AsureQuality Limited
- Native name: Kaitiaki Kai
- Type: State-owned enterprise
- Industry: Food Quality Assurance
- Predecessor: ASURE New Zealand Limited AgriQuality Limited
- Founded: Auckland, New Zealand (2007)
- Headquarters: Auckland, New Zealand
- Number of locations: 100
- Area served: New Zealand; Australia; Malaysia; Singapore; Indonesia; Thailand;
- Services: Food Assurance; Laboratory Testing; Animal Welfare; Apiculture;
- Owner: New Zealand Government
- Number of employees: 1800
- Website: www.asurequality.com

= AsureQuality =

New Zealand state-owned enterprise

AsureQuality Limited (previously AgriQuality Limited) is a State-Owned Enterprise (SOE) fully owned by the government of New Zealand. The company's core business is food quality assurance with its services including certification, inspection, testing, and training.

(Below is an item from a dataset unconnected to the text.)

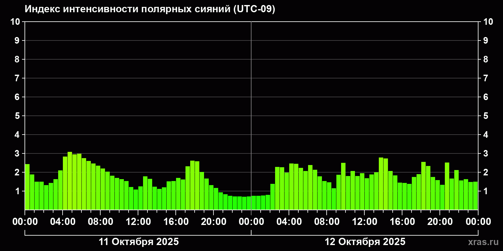 Изменения индекса интенсивности полярных сияний с 2025-10-11 по 2025-10-12 по местному времени
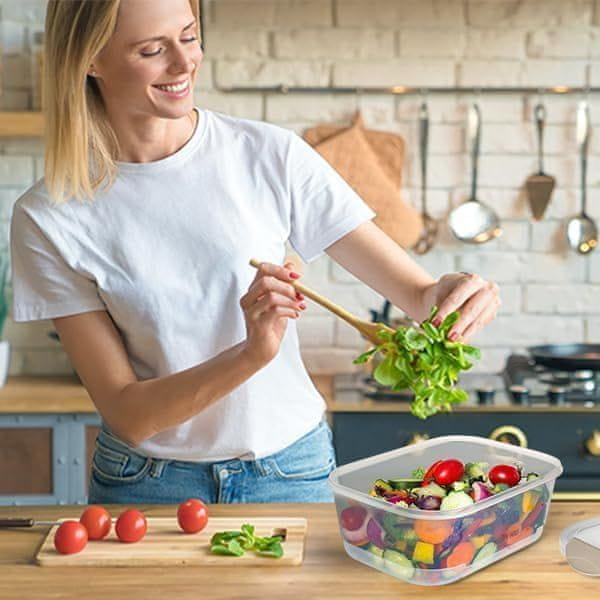 Set posuda za hranu je rješenje za organizirano skladištenje namirnica u hladnjaku, zamrzivaču i kuhinji. Modularni dizajn omogućuje uštedu prostora, dok hermetički poklopci pomažu u održavanju svježine proizvoda, štiteći ih od vlage, zraka i štetnika. Set se sastoji od 5 posuda različitih kapaciteta: 1× 2400 ml, 2× 400 ml i 2× 600 ml. Izrađene od materijala bez ftalata i BPA, posude su sigurne za zdravlje i trajne. Njihova lagana konstrukcija čini ih praktičnima za upotrebu, a transparentne stijenke olakšavaju brzo pronalaženje pohranjene hrane.

AsureQuality has over 1700 staff at over 100 locations throughout New Zealand. AsureQuality also has a joint venture partner, Bureau Veritas.. Bureau Veritas and AsureQuality have two joint ventures, BVAQ Australia and BVAQ SouthEast Asia.

==Company history==
AsureQuality was formed in 2007 from the merger of ASURE New Zealand Limited and AgriQuality Limited. Both companies were originally formed in 1998 from the service delivery arm of the Ministry of Agriculture and Forestry Quality Management, with ASURE handling meat inspection and AgriQuality specialising in livestock, horticulture and forestry. Following the merger the company employed more than 1700 staff at 140 sites throughout New Zealand and Australia, with its primary laboratory in Gracefield, New Zealand.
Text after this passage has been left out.